LP: Yes, I guess so in retrospect. We didn’t do it in the spirit of that. We did it because it had to be done, because we needed a test patient on the gene therapy, but I think it is in that spirit and I wish more people had that spirit. The U.S. is 5 percent of the world population. We take 75 percent of all prescription drugs and yet have the shortest lifespan of every industrialized country, so I wish more people would get behind their drugs and other therapies. I think it would prove that what they have is something that you would want to take.
OK, so let’s talk about the therapies that you’re taking. Is there any concern the telomerase gene therapy could led to malignancy, to cancer, in any tissue?
LP: Telomerase has never been hypothesized to be the sole cause of cancer. Not all cancers have telomerase upregulated in them. Cancer cells can develop daily in your body from a very young age. But isn’t a youthful immune system is what keeps full-blown cancer at bay?
The confusion of longevity research with cancer research is a recurring misconception and implies correlations that have not been proven. There are two lines of research into telomerase: longevity and cancer. The two never intersect.
In longevity research we do not find ourselves looking at increases in cancerous cells from telomerase induction, but rather a protection against cancer.
In previous interviews with other people, you’ve alluded to the tragic story of Jesse Gelsinger, the 18-year-old boy who died in an early gene therapy clinical trial at the University of Pennsylvania in the 1990s.
Ethically, of course there’s a difference between Gelsinger and you; I’ve heard you say that this is worth risking your life for. But on top of the tragedy of Gelsinger losing his life, didn’t it also set the whole field of gene therapy back several years?
From that perspective, in the unlikely event that something goes terribly wrong in the experiment on you, do you worry what might happen to gene therapy research? Have you considered this a possible rationale for slowing down, maybe taking a more conservative approach?
LP: Gene therapy has come a long way since the 1999 tragedy of Jesse Gelsinger.
The relevant research did not stop [after the event], only the applications, and even then only temporarily. But the big game-changer now is that we have better delivery methods.
Hundreds of people are partaking in gene therapies today and none have the issues we saw 16 years ago in Jesse Gelsinger. We also need to put this in perspective: almost 100,000 people already die of adverse drug reactions (ADEs) every year in the USA alone, while nobody has ever died from this latest generation of gene therapies.
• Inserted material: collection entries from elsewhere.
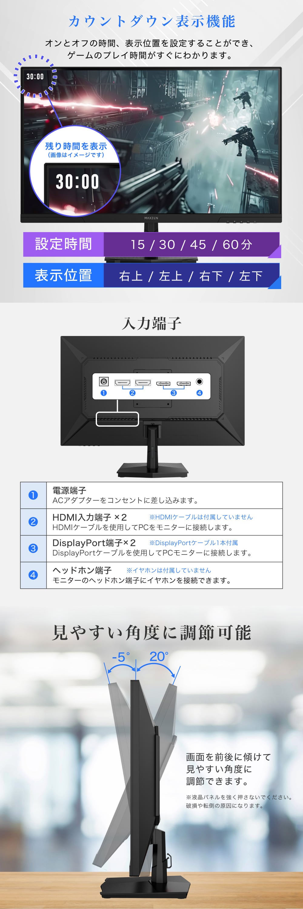 * モニター可動範囲: チルト:-5°~20° ±2°
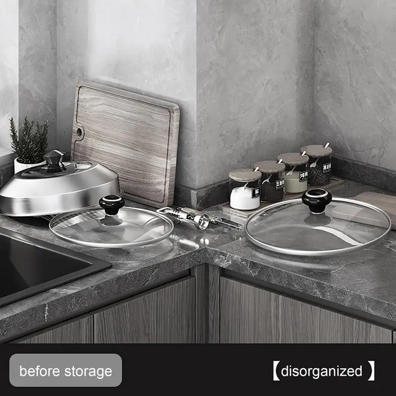Wall Mount Home Pot Lid Organizer Decorative Holder Rack Storage Iron Stand Delicate Pan For Lids 3-Tier Punching-free Rack - Купить с бесплатной доставкой
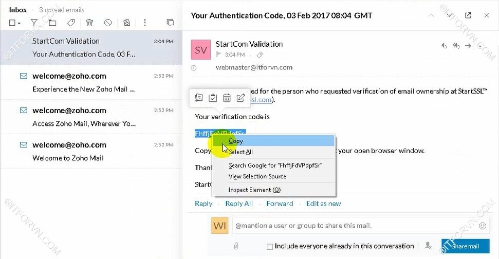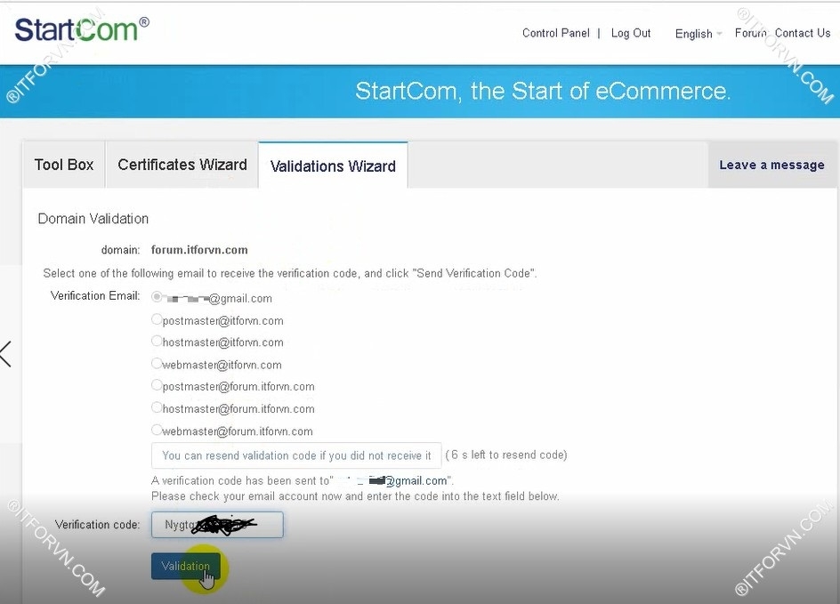-Bạn check mail và lấy chuổi xác thực paste vào ô Verification code sau đó bấm vào nút Validation
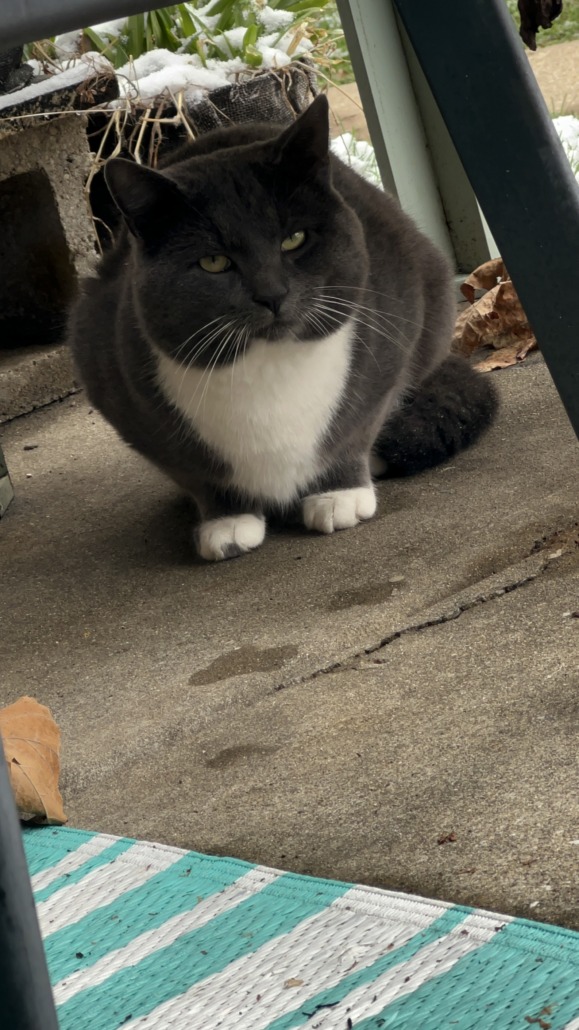 Skittish grey and white tomcat. Appears unaltered. Seems to be an indoor boy.
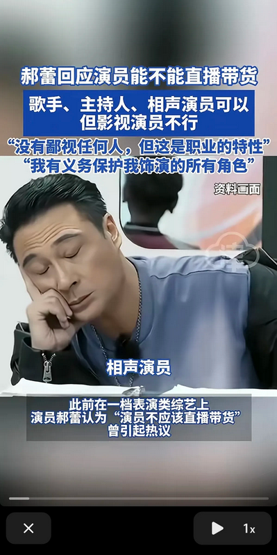 我觉得郝蕾老师说的真诚 ,本来就是要么直播要么做演员,工作性质在镜头前全是各种人物的职业演员,我觉得都不太适合带货,这样真的会增加观众的审美疲劳,这样想重塑银幕角色真的很难,我自己就有这种感觉,当我看到马可,贾乃亮,张檬,舒畅,我每次看到他们的戏就想到了321上链接!
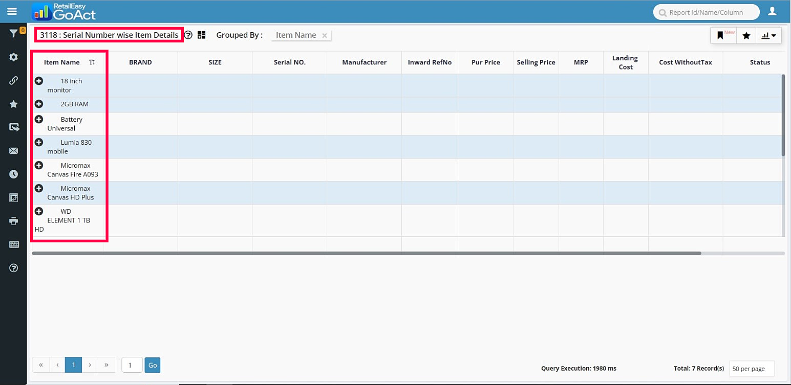 Step 2: Serial Number Wise Item Details screen will appear. List of Items will be displayed.
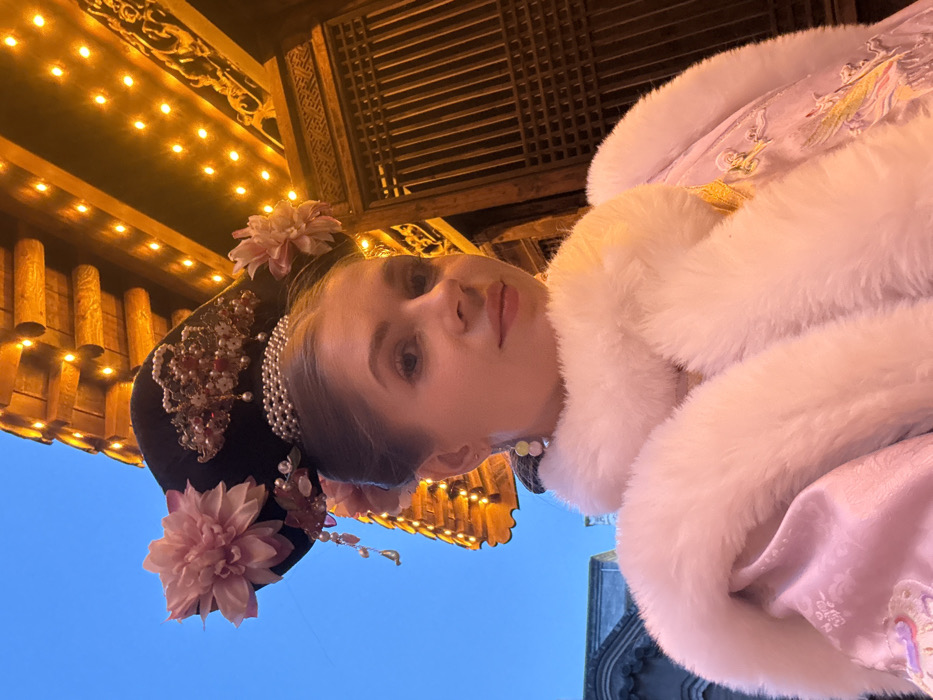 A female individual is depicted in a close-up, eye-level portrait against a traditional Chinese architectural backdrop in Dongcheng District, China
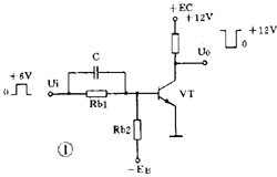 就拿脈沖電路中最常用的反相器電路(圖 1 )來說,從電路形式上看,它和放大電路中的共發(fā)射極電路很相似。在放大電路中,基極電阻 R b2 是接到正電源上以取得基極偏壓;而這個電路中,為了保證電路可靠地截止, R b2 是接到一個負電源上的,而且 R b1 和 R b2 的數(shù)值是按晶體管能可靠地進入飽和區(qū)或止區(qū)的要求計算出來的。不僅如此,為了使晶體管開關速度更快,在基極上還加有加速電容 C ,在脈前沿產生正向尖脈沖可使晶體管快速進入導通并飽和;在脈沖后沿產生負向尖脈沖使晶體管快速進入截止狀態(tài)。除了射極輸出器是個特例,脈沖電路中的晶體管都是工作在開關狀態(tài)的,這是一個特點。

That being said, we at BioViva are very careful to ensure the safest possible outcome while still testing every limit. I would not have taken a gene therapy that would have likely killed the patient and nor would anybody at BioViva. I simply stated that all data are equally important, and that to that end I would accept any outcome, up to and including my own death, in order to move the science forward.
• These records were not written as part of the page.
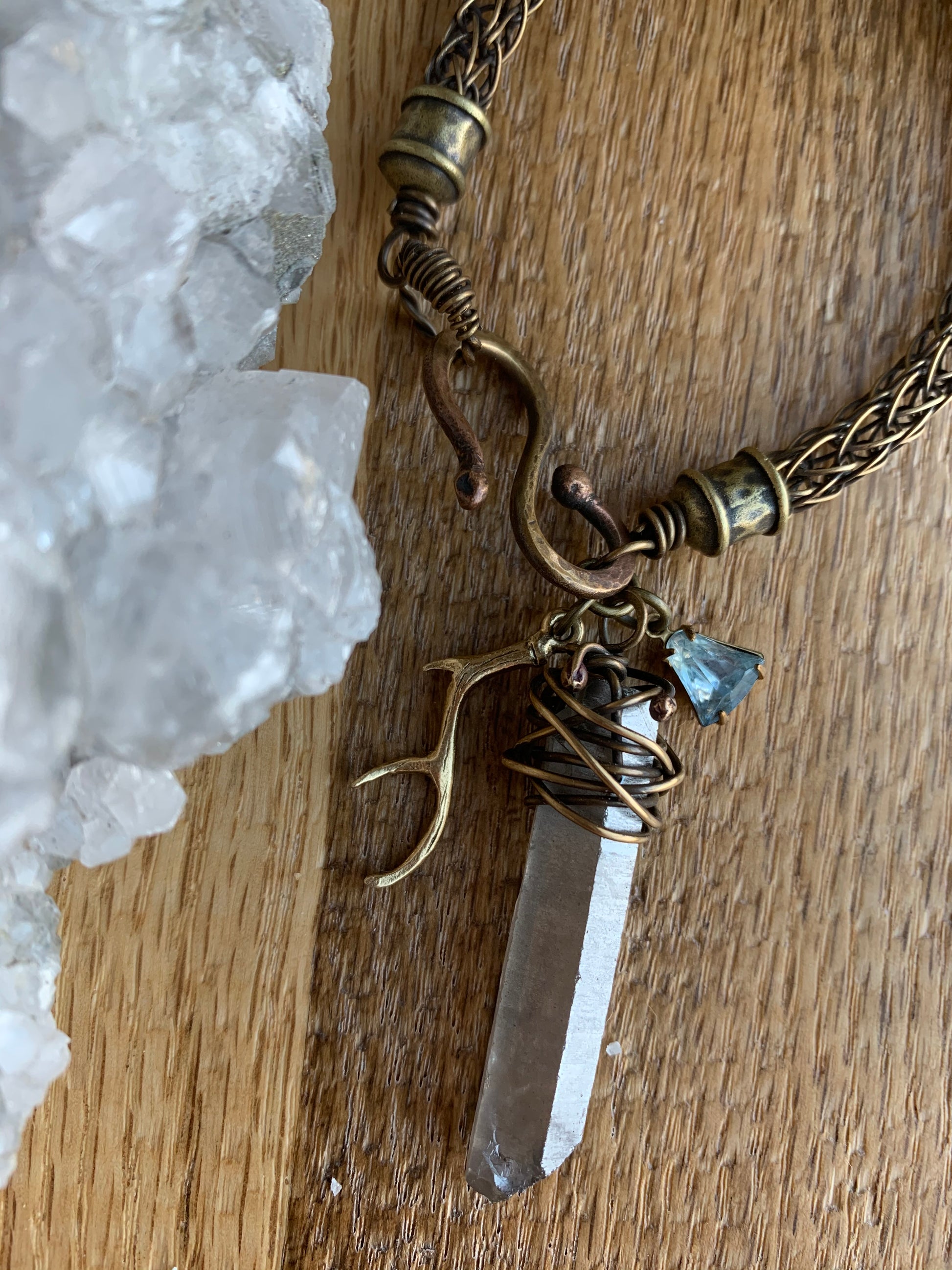 For this bracelet I wanted to create a design that had a bohemian flair with more of a current feel while celebrating and highlighting an ancient technique. I utilized this knit chain that I created with brass wire, capped it in brass end caps and embellished it with a hand forged brass hook, a wire wrapped crystal quartz point, an antler charm and a vintage aqua charm. It is eye catching and full of fabulous texture and lovely dangly elements.
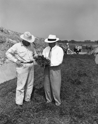 Randolph Foust, left, the farm foreman, and Boswell check the silage mixture after it is placed in a pit with ground milo for a preservation. Published in Fort Worth Star-Telegram July 1951.
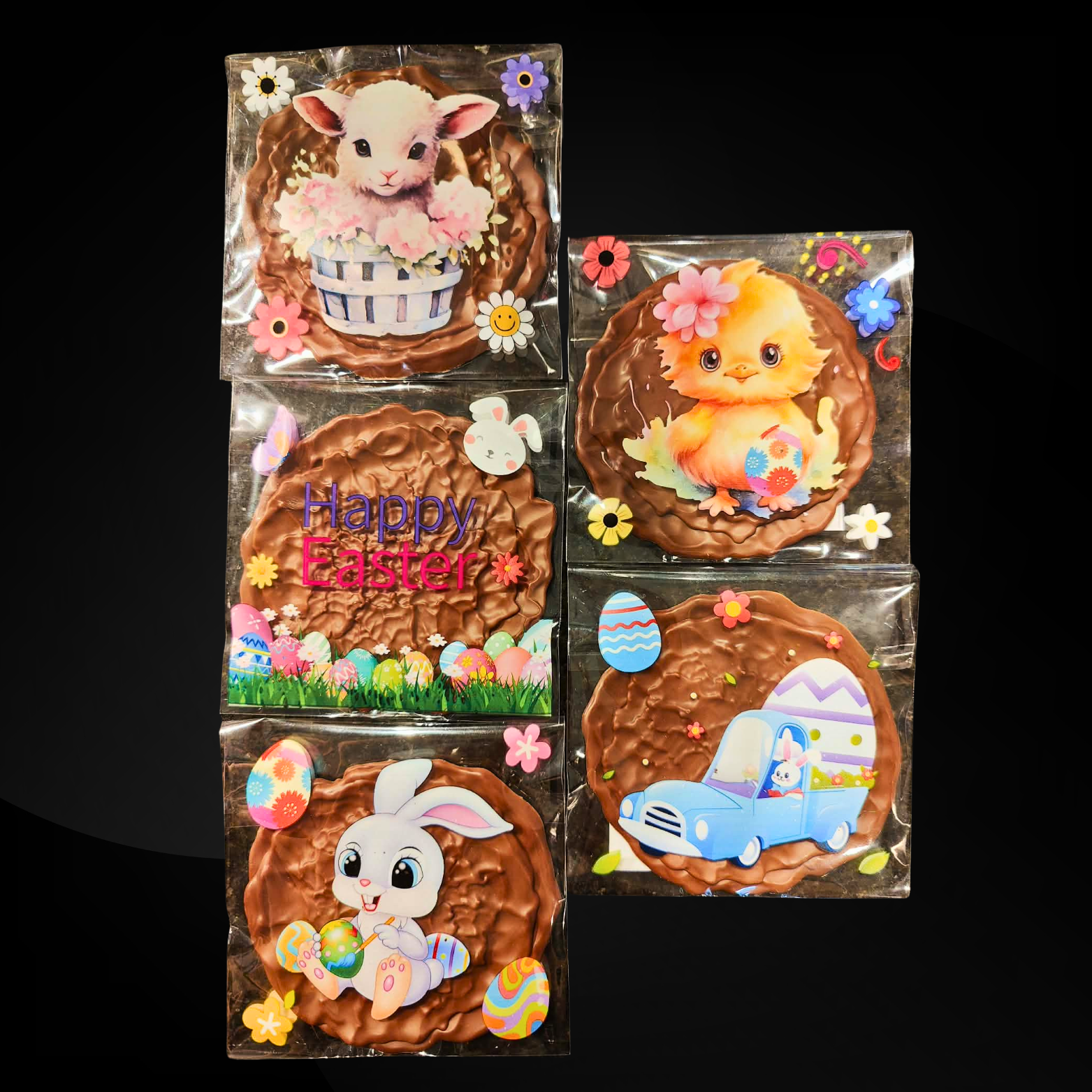 Ingrédients : chocolat au lait (sucre, beurre de cacao, lait en poudre, fèves de cacao, lécithines, vanille), noisettes, amandes, sucre. Contient : noisettes, amandes, lait, soja. Traces possibles: arachides, noix, sésame, blé, œufs, lait.

We as a company, and I as a person did take a risk, but a risk we believe will change the world for the better and kick-start an industry with the best approach to curing disease and increasing healthy lifespan.
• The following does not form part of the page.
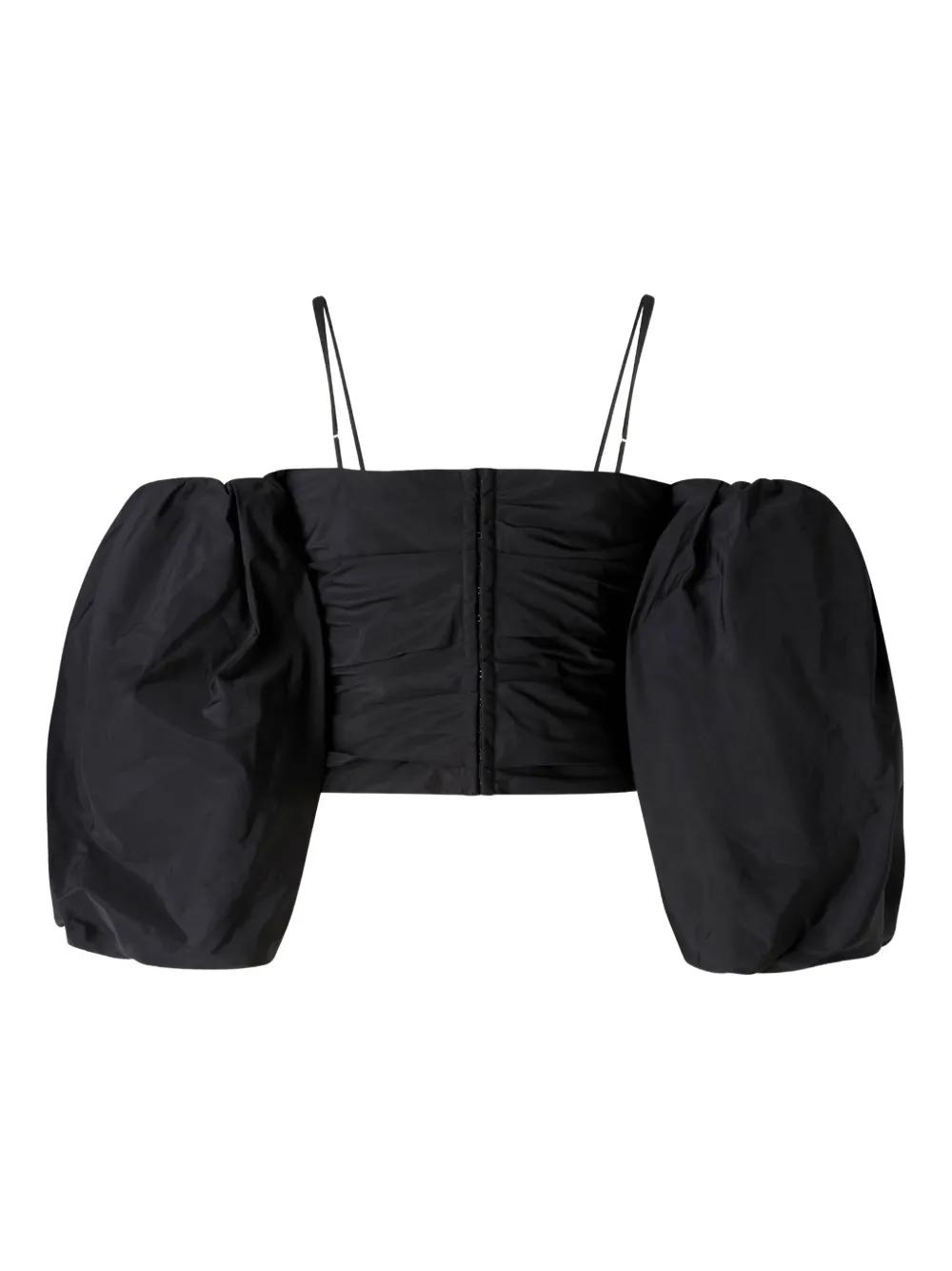 black draped detail off-shoulder neckline balloon sleeves straight hem

What do you think about the idea that, the potential of the studies on you notwithstanding, you’re just one datum, so what will we really know?
LP: Yes, absolutely. That’s true, but N=1 from one human is worth 10,000 mice, but of course every human’s body is different and people are going to respond differently.
And of course the FDA since the 1970s has passed almost 50 drugs through the system to the market that it pulled later, despite going through gold standard testing. So that’s why we have to start now and see what happens. No matter what safety and efficacy you have, if you can have N=10,000, you’re probably going to have some adverse effects down the road.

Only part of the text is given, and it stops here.